- Born: Detroit, Michigan, U.S.
- Genres: R&B, soul, gospel
- Occupations: Singer, songwriter, actress
- Instruments: Vocals, drums, keys
- Years active: 1994–present
- Labels: Epic Records (1994–1998) MJJ Music (1994–1998) MCA (2002–2005) Brownstone Recordings (2005–present)
- Website: Nicci Gilbert on X

= Nicci Gilbert =

American R&B singer

Nicci Gilbert is a Grammy-nominated American R&B singer. She is mainly known for being the lead vocalist of the American female R&B girl-group Brownstone who rose to fame in the mid-1990s best known for their 1995 hit single "If You Love Me", which was nominated for a Best R&B Performance Grammy Award. "Grapevyne" and "Pass the Lovin'" also brought them some success, as well as their rendition of "I Can't Tell You Why", a song originally recorded by The Eagles.

Following the disbandment of the group in 1997, Gilbert made her theatrical film debut in the 1998 movie, Woo. Gilbert returned to the music industry after a five-year hiatus as a solo singer and released her debut album Grown Folks Music (2003) through MCA Records.

In 2012, she starred as a cast member and executive producer in the TV One's R&B Divas: Atlanta, which features the lives of five 1990s chart-topping R&B singers. She was featured in 2 seasons of the show. She also performed with the group at events such as Essence Music Festival.

==Early life==
Nicci Gilbert was born in Detroit, Michigan to Black American parents. Gilbert grew up in Detroit, where her mother Helene was a jazz singer. Gilbert's mom did a lot to encourage her interest in music, and when she was in high school, Gilbert performed Madonna's "Crazy for You" in a talent show.

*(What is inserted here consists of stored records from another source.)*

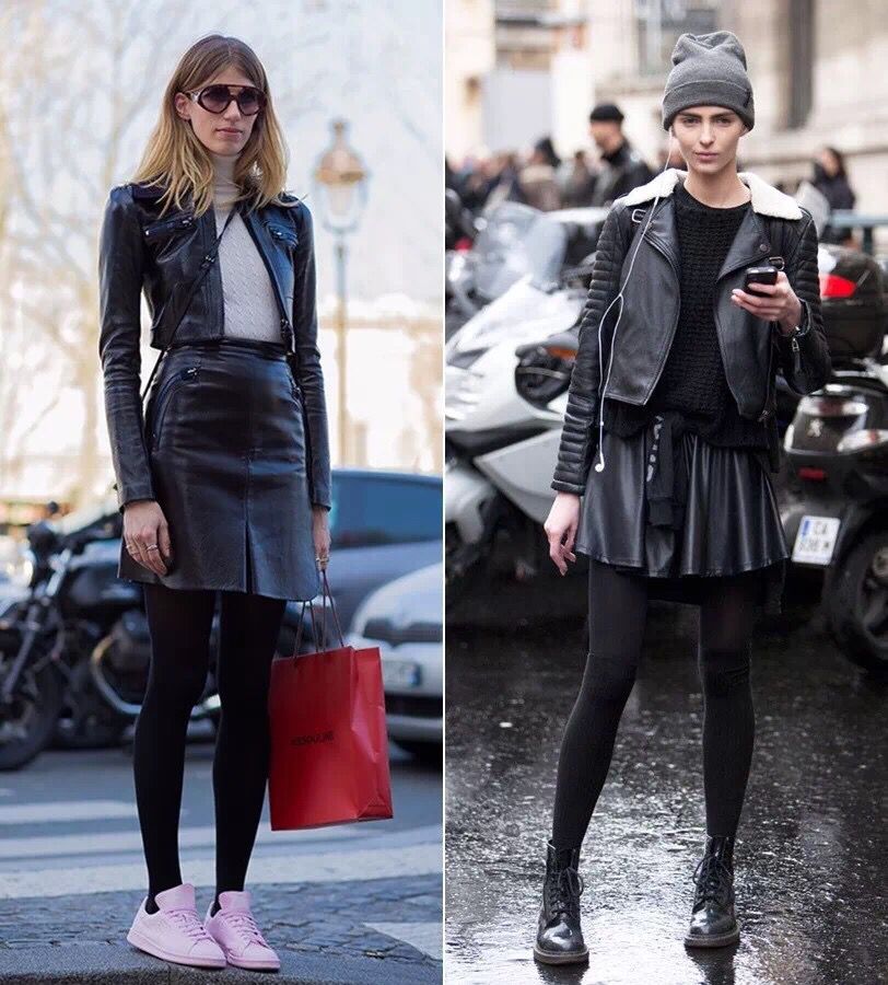 在Vivian看来,有温度有质感的皮裙更适合冬天穿。夏天穿总觉得不透气有点热,冬天穿才刚好呐~况且在 冬天穿皮裙可以穿上黑色保暖袜,两种不同的材质,一硬一软,搭配起来一点都不违和 。
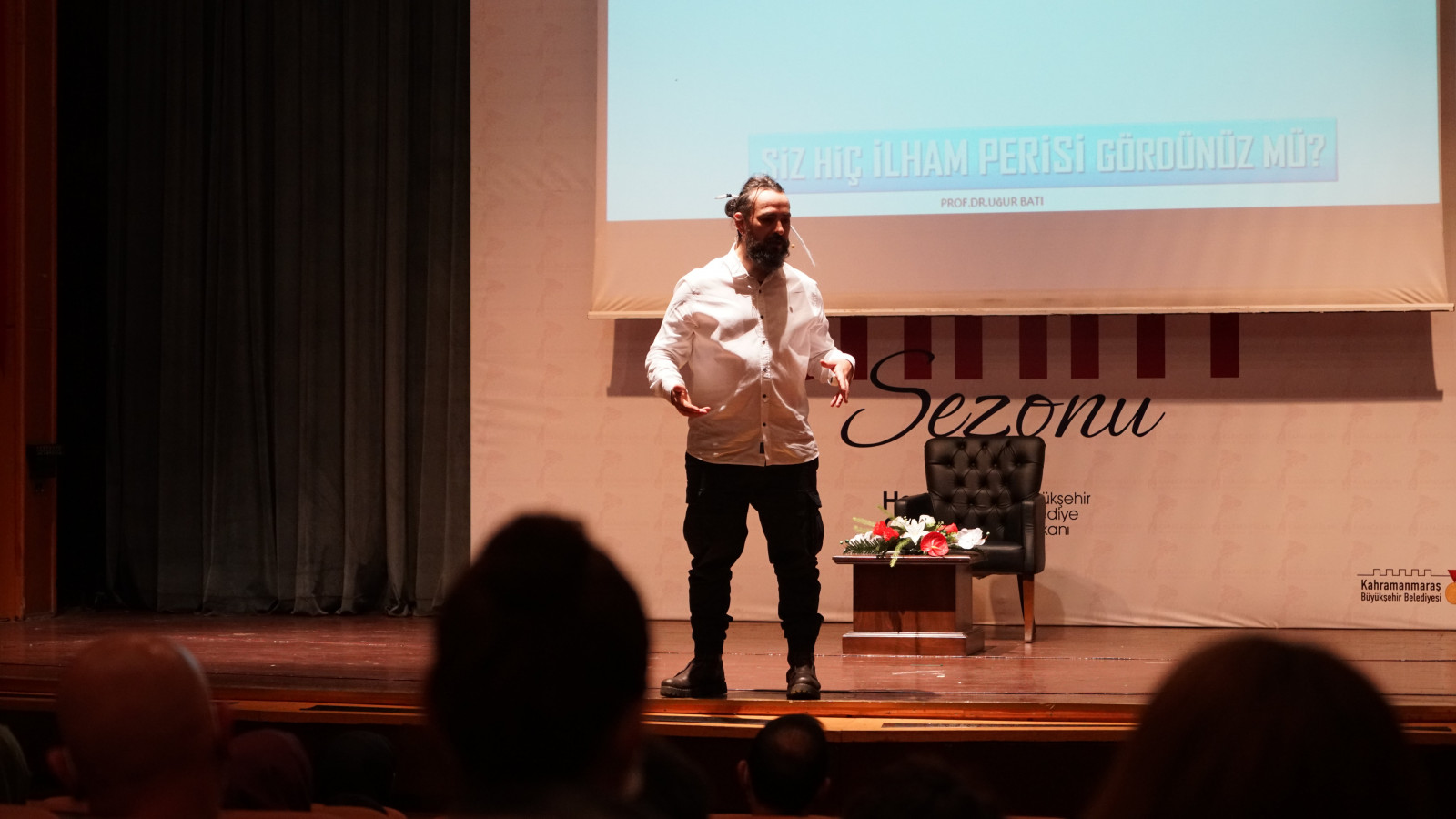 Kahramanmaraş Büyükşehir Belediyesi tarafından düzenlenen Karacaoğlan Kültür Sanat Sezonu kapsamında Akademisyen – Yazar Prof. Dr. Uğur Batı ile söyleşi programı gerçekleştirildi. Necip Fazıl Kısakürek Kültür Merkezi’nde düzenlenen programda ‘Siz hiç ilham perisi gördünüz mü?’ sorusuna farklı perspektiflerden cevap arandı. Kültür sanat dostlarının yoğun ilgisiyle gerçekleştirilen programda, ‘Metaverse’ gibi yenilikçi teknolojilerin hayatın anlamında oluşturacağı potansiyel değişikliklere değinen Prof. Dr. Uğur Batı; ziyaretçilerin sorularına da yanıt verdi.
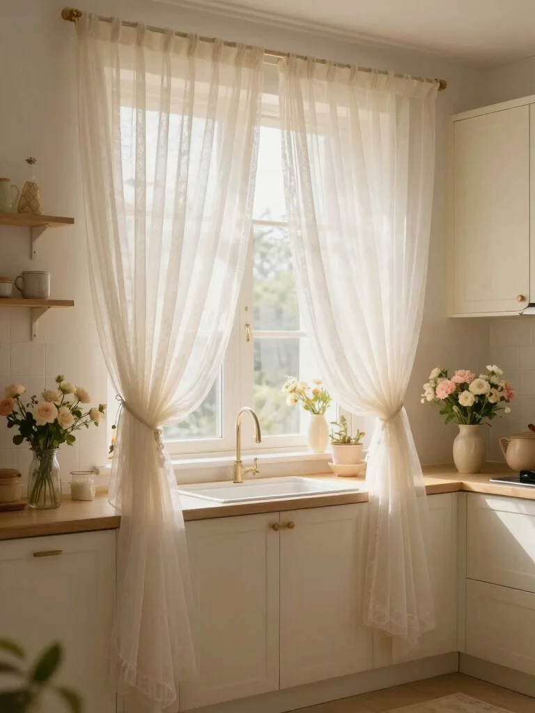 Sheer curtains are an excellent way to keep your kitchen open and inviting, enhancing its overall charm.
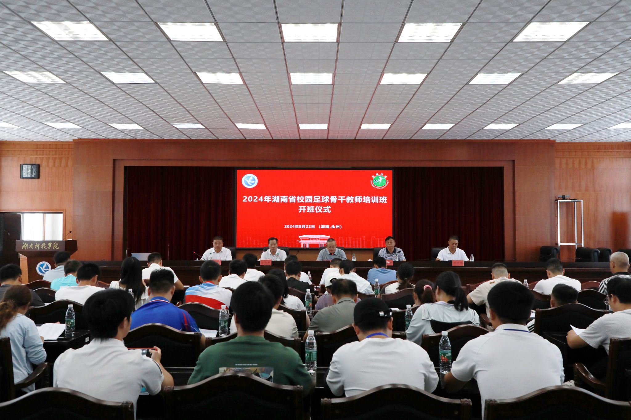 本网讯(通讯员 刘华剑)8月22日,由湖南省教育厅体育卫生与艺术教育处主办的2024年湖南省校园足球骨干教师培训班在我校顺利开班。党委委员、副校长何福林,湖南省青少年校园足球工作领导小组办公室计划主管李泽群、竞赛主管谷贻林,体育学院院长谢欢、党总支副书记刘华剑等出席仪式,来自永州市和湘西土家族苗族自治州的48名学员参加培训。
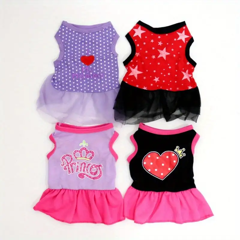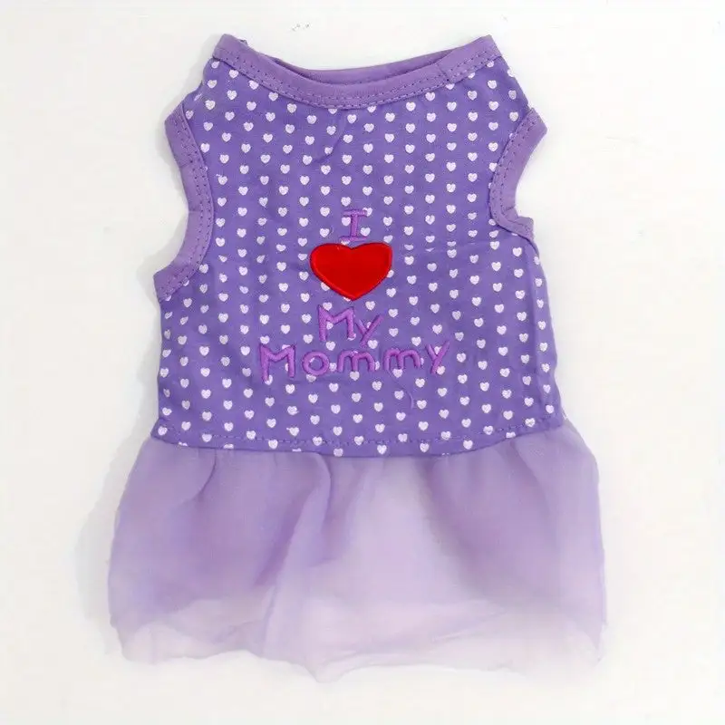 Pet Clothing Summer Mesh Skirts for Dogs And Cats with Star And Heart Prints, Love Mom Design
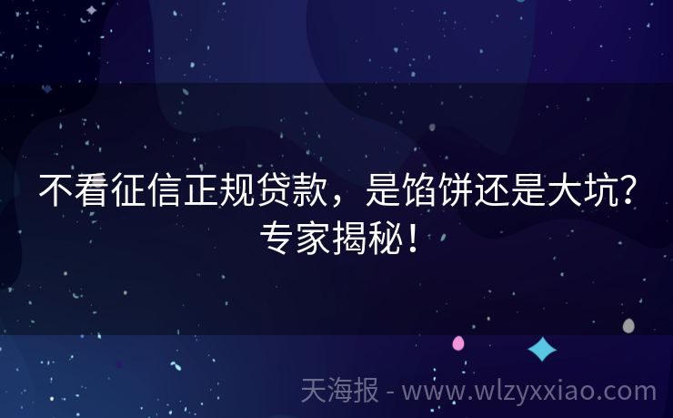 不看征信正规贷款,是馅饼还是大坑?专家揭秘! 不看征信正规贷款:是馅饼还是陷阱?金融专家带你一探究竟! 在这个“信用即财富”的时代,征信记录就像我们的经济身份证,影响着贷款、租房甚至求职的方方面面。但总有些小伙伴因为各种原因,征信上留下了那么一丢丢“小瑕疵”,这时候,“不看征信正规贷款”就像夜空中最亮的星,让人忍不住想靠近。不过,这到底是真福利...
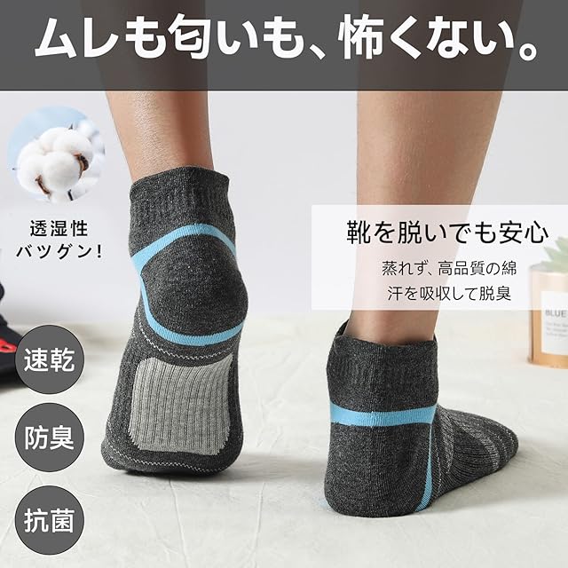 【抗菌 防臭・吸汗速乾】良質なコットンを使用し、抗菌防臭加工を施しておりますので、消臭効果を発揮し、気になる雑菌や足のニオイを抑制します。優れた通気性を持っており、長時間の着用でも蒸れずに。
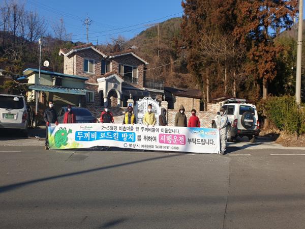 [한국연예축제일보, 유혜경기자] 광양시는 산란철을 맞은 두꺼비의 서식환경 보호를 위해 지난 15일 비평저수지에 두꺼비 이동 유도울타리(200m)를 설치하고, 서식지와 산란지 사이 도로 로드킬(찻길사고) 방지를 위한 홍보활동을 실시했다고 밝혔다.

After graduating from high school, Gilbert studied music and drama at Eastern Michigan University. But she ended up dropping out after two years so that she could move to Los Angeles with a friend and be closer to the music industry. It was a risky move, but one that eventually paid off for her. At first, Gilbert struggled there, where she appeared in various talent shows while paying her bills with non-musical "day gigs" (including a job at Taco Bell). But things started to pick up for Gilbert when, in 1993, she formed Brownstone's original lineup with Monica Doby and Charmayne Maxwell.

==Career==

===1993–1997: Brownstone===

In 1994, Brownstone signed with R&B/pop superstar Michael Jackson's MJJ Music, which was distributed by Epic Records and Sony Records. Their debut "Pass the Lovin" was released in the United States on August 2, 1994. The song failed to make impact on the Billboard Hot 100, however the single peaked at number fifty-eight on the Hot R&B/Hip-Hop Songs chart and number forty-two on the Hot Dance Club Songs chart. Their debut album From the Bottom Up was released on January 10, 1995, and reached its peak at number twenty-nine on the Billboard Hot 200 chart. Their next single, "If You Love Me", became a smash hit charting at number eight on the Billboard Hot 100 and number two on the Hot R&B/Hip-Hop Songs Chart in the United States. "Grapevyne" and "I Can't Tell You Why" were released as the third and fourth singles from album, respectively, but were not successful as "If You Love Me" charting at numbers forty-nine and fifty-four on the Billboard Hot 100. From the Bottom Up also contained Brownstone's hit remake of the Eagles' "I Can't Tell You Why", which was originally a pop/rock tune but received an urban contemporary makeover from Gilbert and her colleagues.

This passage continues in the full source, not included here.